━━━ Given data

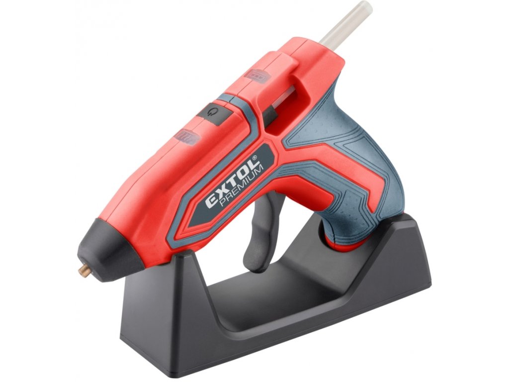 Aku lepiaca tavná pištoľ je určená na roztavenie a nanášanie tavného lepidla za účelom rýchleho zlepenia papiera, korku, dreva, kože, textílie, umelej hmoty, keramiky atď. Páčka mechanického posuvu umožňuje citlivé, plynulé a presné dávkovanie roztaveného lepidla na požadované miesto. Neprítomnosť napájacieho kábla zvyšuje komfort pri používaní a slobodu pri pohybe. Pištoľ je vybavená nabíjacou základňou do ktorej môže položiť pištoľ v čase keď ju nepoužívate. Po vložení pištole do základne sa pištoľ začne okamžite nabíjať a tým sa predĺži doba, po ktorú ju možno používať. Vďaka Li-ion akumulátoru je možné pištoľ kedykoľvek dobíjať bez toho, aby sa tým znižovala kapacita akumulátora. Li-ion akumulátor stráca energiu vplyvom samovybíjania veľmi pomaly a vydrží dlho nabitý.
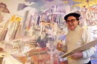 Croatian-born Australian Billich, flaming red blazer and Chinese-knot neckwear mesmerizing passers-by wherever he goes, has been in Beijing to both paint for, and present to, Beijing's 2008 Olympics bid committee, BOBICO, a huge cityscape montage of the capital. Titled Beijing Millennium Cityscape, the work was undertaken at the invitation of Australia's Canberra City government to express its support for Beijing's bid.
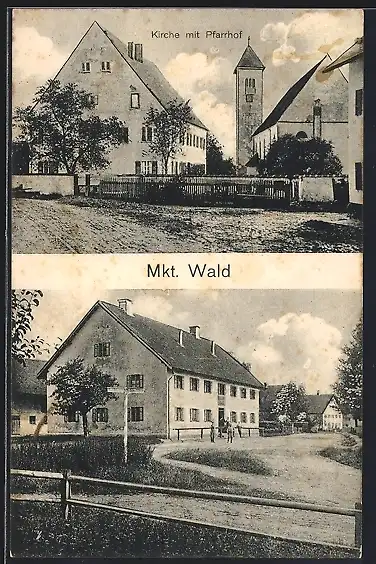 AK Markt Wald, Kirche mit Pfarrhof, Ortspartie
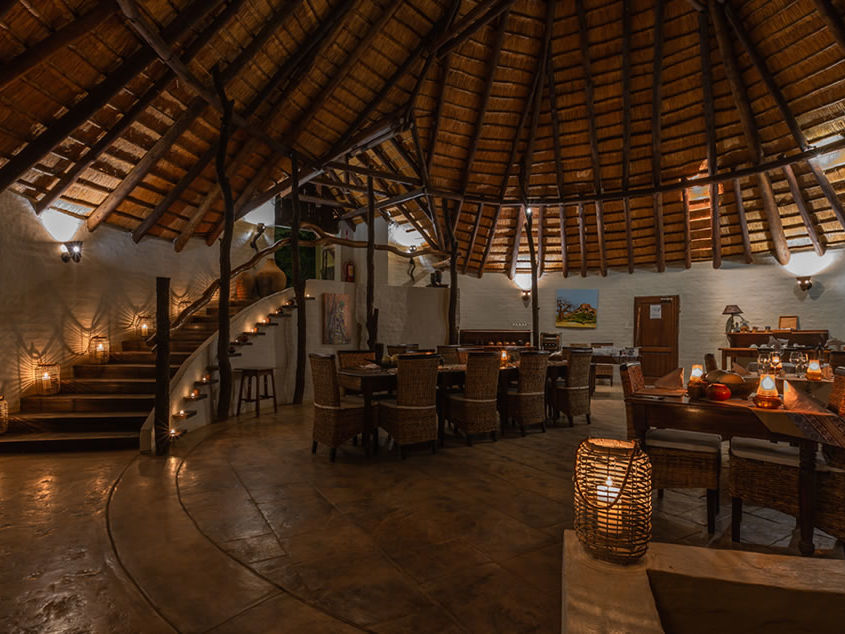 Deze mooie lodge ligt in het Mapesu Private Game Reserve, een 12.500 hectare groot reservaat omringd door unieke zandsteenformaties, Mopane bush veld en talloze wilde dieren. Eet in de boma (omheind rond het vuur onder de schitterende zuidelijke nachthemel, in de lapa (overkapte buitenruimte) rond het zwembad of midden in de bush. Relax aan het zwembad en bestel een drankje aan de bar.

━━━━━━

Reproduce each line above precisely, with no pictures.

*Result*:
 Aku lepiaca tavná pištoľ je určená na roztavenie a nanášanie tavného lepidla za účelom rýchleho zlepenia papiera, korku, dreva, kože, textílie, umelej hmoty, keramiky atď. Páčka mechanického posuvu umožňuje citlivé, plynulé a presné dávkovanie roztaveného lepidla na požadované miesto. Neprítomnosť napájacieho kábla zvyšuje komfort pri používaní a slobodu pri pohybe. Pištoľ je vybavená nabíjacou základňou do ktorej môže položiť pištoľ v čase keď ju nepoužívate. Po vložení pištole do základne sa pištoľ začne okamžite nabíjať a tým sa predĺži doba, po ktorú ju možno používať. Vďaka Li-ion akumulátoru je možné pištoľ kedykoľvek dobíjať bez toho, aby sa tým znižovala kapacita akumulátora. Li-ion akumulátor stráca energiu vplyvom samovybíjania veľmi pomaly a vydrží dlho nabitý.
 Croatian-born Australian Billich, flaming red blazer and Chinese-knot neckwear mesmerizing passers-by wherever he goes, has been in Beijing to both paint for, and present to, Beijing's 2008 Olympics bid committee, BOBICO, a huge cityscape montage of the capital. Titled Beijing Millennium Cityscape, the work was undertaken at the invitation of Australia's Canberra City government to express its support for Beijing's bid.
 AK Markt Wald, Kirche mit Pfarrhof, Ortspartie
 Deze mooie lodge ligt in het Mapesu Private Game Reserve, een 12.500 hectare groot reservaat omringd door unieke zandsteenformaties, Mopane bush veld en talloze wilde dieren. Eet in de boma (omheind rond het vuur onder de schitterende zuidelijke nachthemel, in de lapa (overkapte buitenruimte) rond het zwembad of midden in de bush. Relax aan het zwembad en bestel een drankje aan de bar.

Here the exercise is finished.